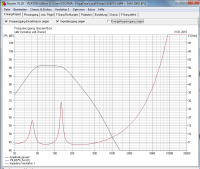 dann den Frequenzgang mit BoxSim nachgebildet (HP 2ter Ordnung +HP 1ter Ordnung) u. den 15LB075 UW4 in ein 90Liter Br-Gehäuse gesteckt (Fb 33Hz) Trennung nach oben ca. 90 Hz.
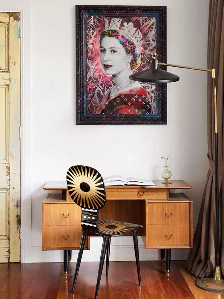 • Decorated and painted by hand and fitted with solid wooden legs, the chair is an archetype of furniture and design that could not fail to be included in Fornasetti's repertoire. This geometric decoration with gold inserts, inspired by the rays of the sun, brings a touch of luminous elegance to any room.
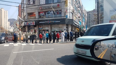 마스크를 편하게 구매했지만 한발자국만 나서보면 여전히 대로변앞 약국에는 마스크줄서기가 한창입니다
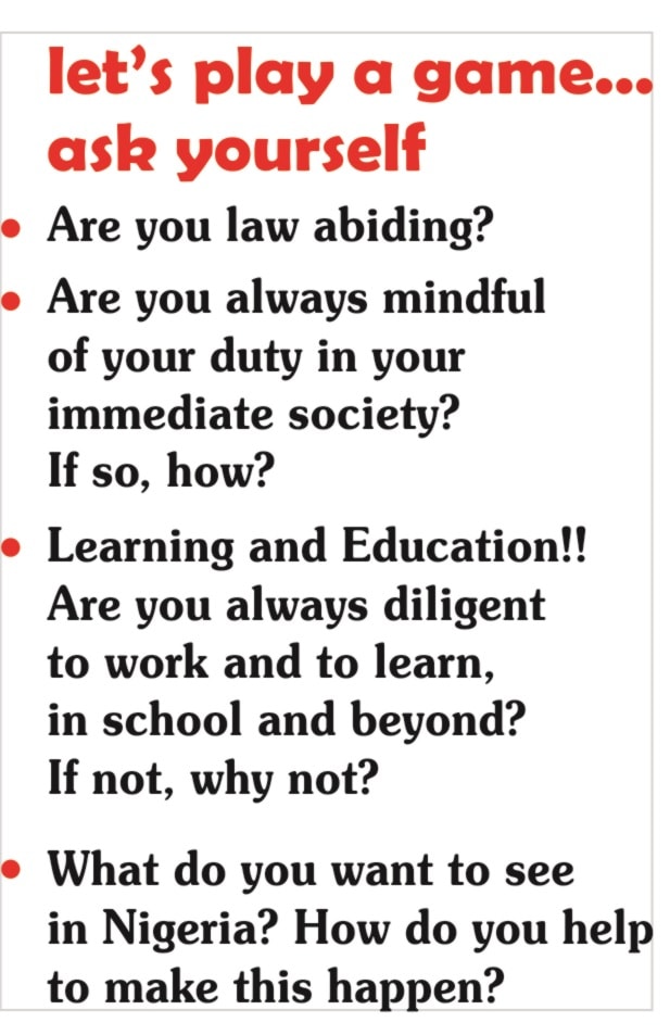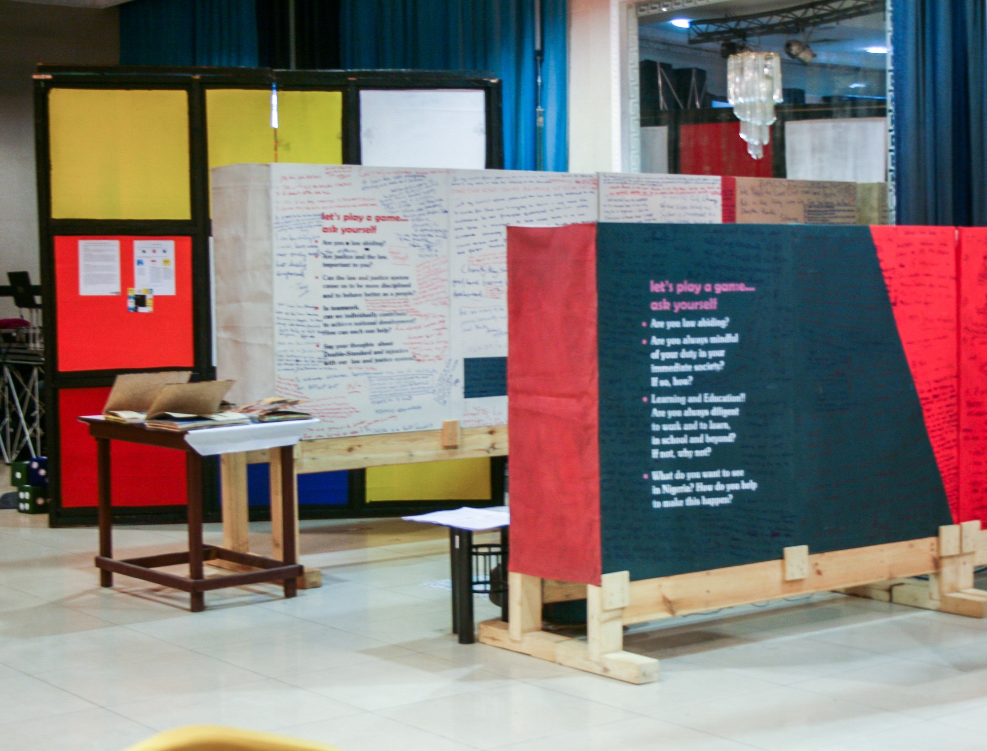 Ask Yourself is an art of sensitisation. Intended as a catalyst for positive change, it posed as a game providing audiences the opportunity on many levels, to have a think/a rethink on our individual contribution to this society where we belong. The single artwork comprised: Painting, Artist-books, Installation, Film, and a book.

Your assignment:
Reproduce verbatim every line starting at the line that holds "마스크를 편하게 구매했지만" and ending with the final line of the data; omit the pictures.

Solved exercise:
 마스크를 편하게 구매했지만 한발자국만 나서보면 여전히 대로변앞 약국에는 마스크줄서기가 한창입니다
 Ask Yourself is an art of sensitisation. Intended as a catalyst for positive change, it posed as a game providing audiences the opportunity on many levels, to have a think/a rethink on our individual contribution to this society where we belong. The single artwork comprised: Painting, Artist-books, Installation, Film, and a book.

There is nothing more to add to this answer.